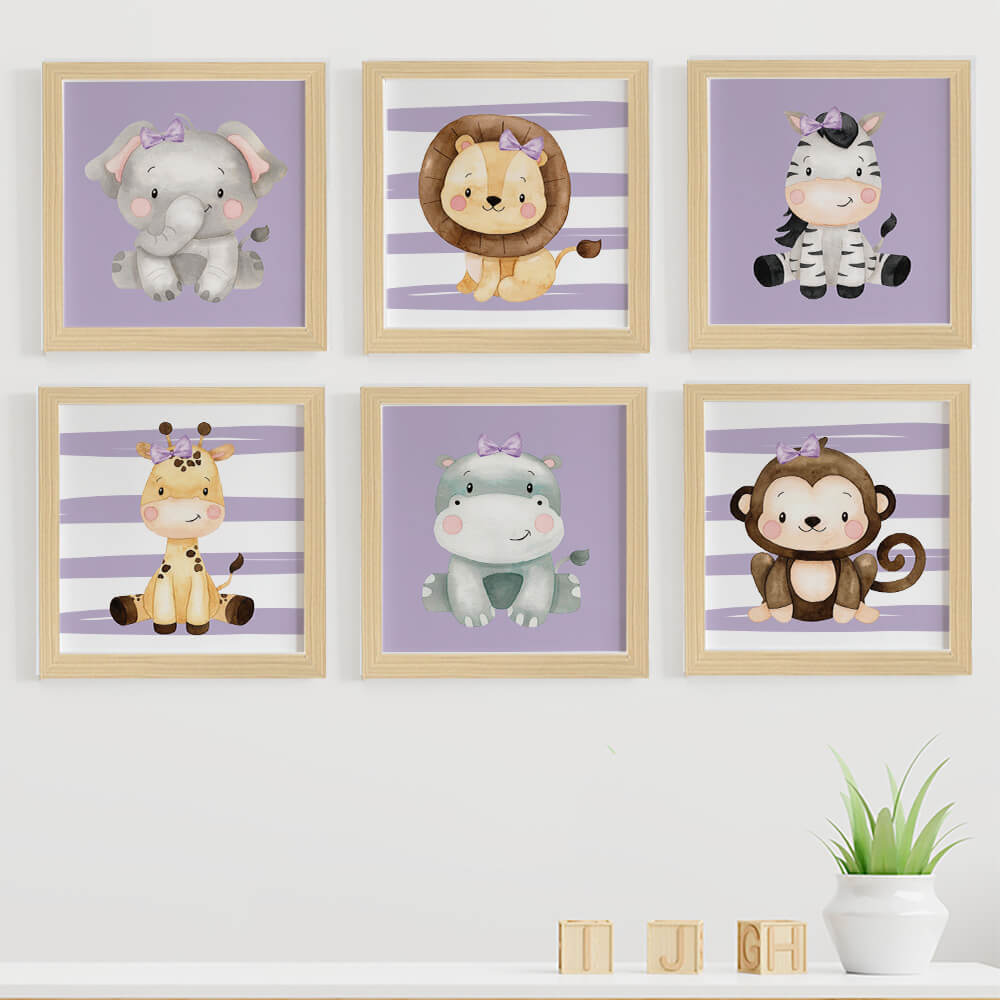 São seis quadros decorativos com animais: um quadro de elefante, um quadro de leão, um quadro de zebra, um quadro de girafa, um quadro de hipopótamo e um quadro de macaco.
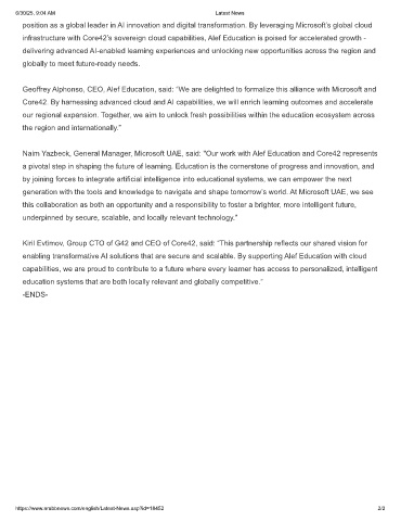Naim Yazbeck, General Manager, Microsoft UAE, said: "Our work with Alef Education and Core42 represents
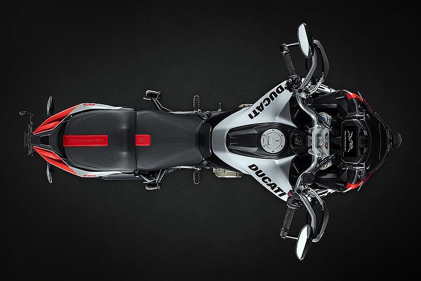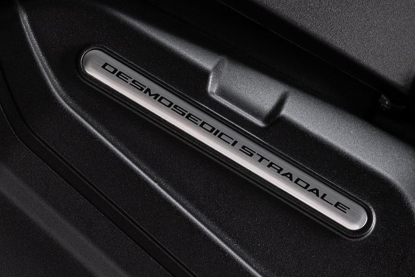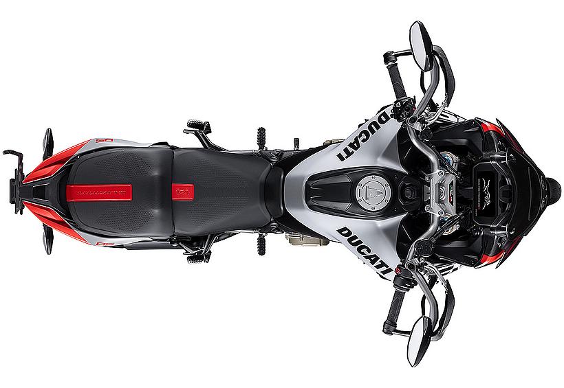 Das 6,5-Zoll-TFT-Farbdisplay ist mit einer Oberfläche aus Mineralglas ausgestattet, dem gleichen Material, das in modernen Smartphones verwendet wird. Dies bietet zwei Vorteile: Es verbessert die Sichtbarkeit, selbst bei direkter Sonneneinstrahlung, und reduziert Reflexionen. Die Informationen sind übersichtlich und gut lesbar, mit einem runden Drehzahlmesser mit digitaler Nadel in der Mitte sowie Anzeigen für den eingelegten Gang, Kraftstoffstand, Außentemperatur und Motortemperatur. Zudem zeigt das Display elektronische Kontrollstufen, Riding Modes und Fahrwerkseinstellungen an. Zusätzliche Informationen, wie die Einstellungen für die Federung, werden ebenfalls angezeigt, und über die GPS-Navigations-App Sygic wird das Kartenmaterial des Navigationssystems bereitgestellt. Dies ist der "Ducati Connect"-App zu verdanken, die eine Verbindung zum Smartphone herstellt und Funktionen wie das Überprüfen des Telefonbuchs, das einfache Beantworten eingehender Anrufe und das Hören von Musik über das Ducati Multimedia System (DMS) ermöglicht.

-=-=-

Give back the full listing above word for word, and let no picture through.

 São seis quadros decorativos com animais: um quadro de elefante, um quadro de leão, um quadro de zebra, um quadro de girafa, um quadro de hipopótamo e um quadro de macaco.
Naim Yazbeck, General Manager, Microsoft UAE, said: "Our work with Alef Education and Core42 represents
 Das 6,5-Zoll-TFT-Farbdisplay ist mit einer Oberfläche aus Mineralglas ausgestattet, dem gleichen Material, das in modernen Smartphones verwendet wird. Dies bietet zwei Vorteile: Es verbessert die Sichtbarkeit, selbst bei direkter Sonneneinstrahlung, und reduziert Reflexionen. Die Informationen sind übersichtlich und gut lesbar, mit einem runden Drehzahlmesser mit digitaler Nadel in der Mitte sowie Anzeigen für den eingelegten Gang, Kraftstoffstand, Außentemperatur und Motortemperatur. Zudem zeigt das Display elektronische Kontrollstufen, Riding Modes und Fahrwerkseinstellungen an. Zusätzliche Informationen, wie die Einstellungen für die Federung, werden ebenfalls angezeigt, und über die GPS-Navigations-App Sygic wird das Kartenmaterial des Navigationssystems bereitgestellt. Dies ist der "Ducati Connect"-App zu verdanken, die eine Verbindung zum Smartphone herstellt und Funktionen wie das Überprüfen des Telefonbuchs, das einfache Beantworten eingehender Anrufe und das Hören von Musik über das Ducati Multimedia System (DMS) ermöglicht.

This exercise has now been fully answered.